# HOW TO COMPLETE THIS TASK
How many lines in the records below contain the string "overall"? Answer with the number alone.

# GIVEN RECORDS
= = = =

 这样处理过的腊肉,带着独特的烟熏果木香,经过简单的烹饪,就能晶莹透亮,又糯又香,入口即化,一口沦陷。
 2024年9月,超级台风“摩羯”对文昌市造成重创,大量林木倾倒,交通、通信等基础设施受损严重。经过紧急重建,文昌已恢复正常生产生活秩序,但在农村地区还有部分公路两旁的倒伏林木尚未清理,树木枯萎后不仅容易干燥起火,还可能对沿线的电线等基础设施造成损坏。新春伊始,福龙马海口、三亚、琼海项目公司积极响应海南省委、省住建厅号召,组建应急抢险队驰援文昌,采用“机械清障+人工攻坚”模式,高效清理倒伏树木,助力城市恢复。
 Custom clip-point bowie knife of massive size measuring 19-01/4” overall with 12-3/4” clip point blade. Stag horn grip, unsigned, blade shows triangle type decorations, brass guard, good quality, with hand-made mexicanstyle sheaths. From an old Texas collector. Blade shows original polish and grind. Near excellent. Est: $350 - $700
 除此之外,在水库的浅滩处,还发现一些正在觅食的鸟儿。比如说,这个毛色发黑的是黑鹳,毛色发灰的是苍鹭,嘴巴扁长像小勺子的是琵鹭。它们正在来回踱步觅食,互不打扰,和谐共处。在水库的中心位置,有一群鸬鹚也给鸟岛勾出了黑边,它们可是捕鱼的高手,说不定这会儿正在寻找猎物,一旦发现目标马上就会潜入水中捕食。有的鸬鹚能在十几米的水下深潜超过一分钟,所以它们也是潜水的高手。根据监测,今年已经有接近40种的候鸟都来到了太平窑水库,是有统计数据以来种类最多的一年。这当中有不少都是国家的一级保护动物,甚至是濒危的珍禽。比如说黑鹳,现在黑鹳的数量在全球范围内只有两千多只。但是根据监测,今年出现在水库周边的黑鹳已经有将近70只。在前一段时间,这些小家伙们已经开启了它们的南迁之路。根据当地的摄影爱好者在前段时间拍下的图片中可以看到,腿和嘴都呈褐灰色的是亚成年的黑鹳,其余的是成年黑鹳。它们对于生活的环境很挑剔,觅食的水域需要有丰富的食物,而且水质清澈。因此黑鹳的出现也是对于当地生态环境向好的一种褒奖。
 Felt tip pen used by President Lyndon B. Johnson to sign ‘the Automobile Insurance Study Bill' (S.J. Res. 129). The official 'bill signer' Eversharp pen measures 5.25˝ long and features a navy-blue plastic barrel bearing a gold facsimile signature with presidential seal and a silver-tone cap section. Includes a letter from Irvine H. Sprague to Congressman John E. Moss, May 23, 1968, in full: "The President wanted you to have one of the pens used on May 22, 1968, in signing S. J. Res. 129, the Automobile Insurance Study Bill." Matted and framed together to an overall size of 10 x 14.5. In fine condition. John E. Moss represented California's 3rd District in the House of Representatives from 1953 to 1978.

= = = =

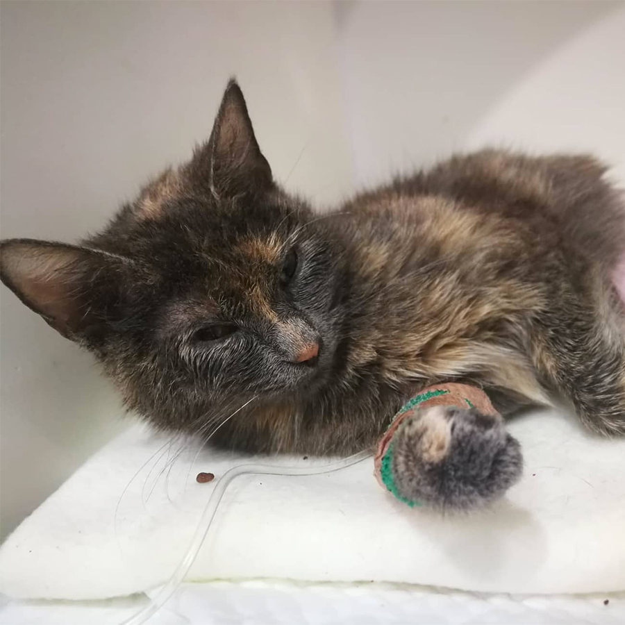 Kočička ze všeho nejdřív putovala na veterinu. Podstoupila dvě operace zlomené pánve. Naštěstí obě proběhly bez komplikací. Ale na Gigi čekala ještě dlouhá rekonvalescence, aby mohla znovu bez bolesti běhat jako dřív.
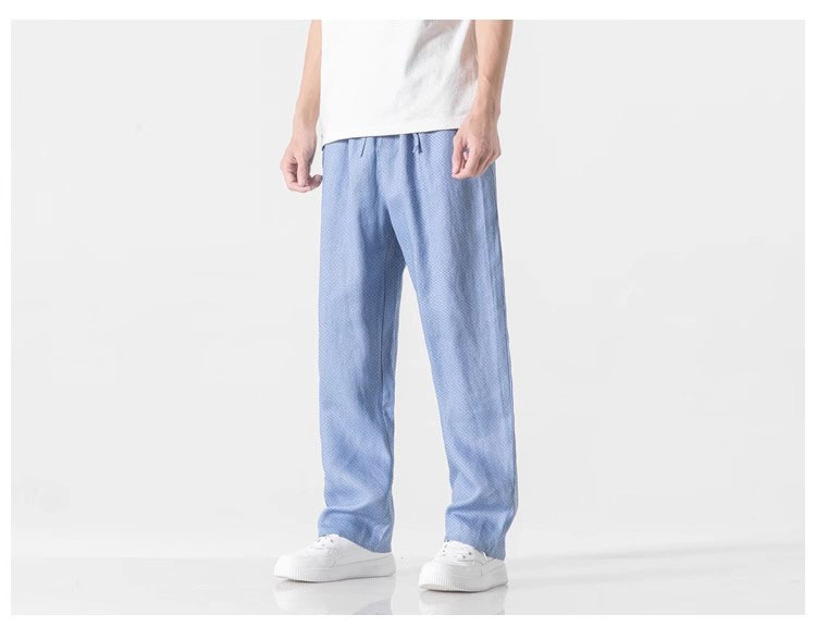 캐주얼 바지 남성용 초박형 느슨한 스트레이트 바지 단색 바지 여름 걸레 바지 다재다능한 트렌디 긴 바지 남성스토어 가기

= = = =

# EXERCISE SOLUTION
2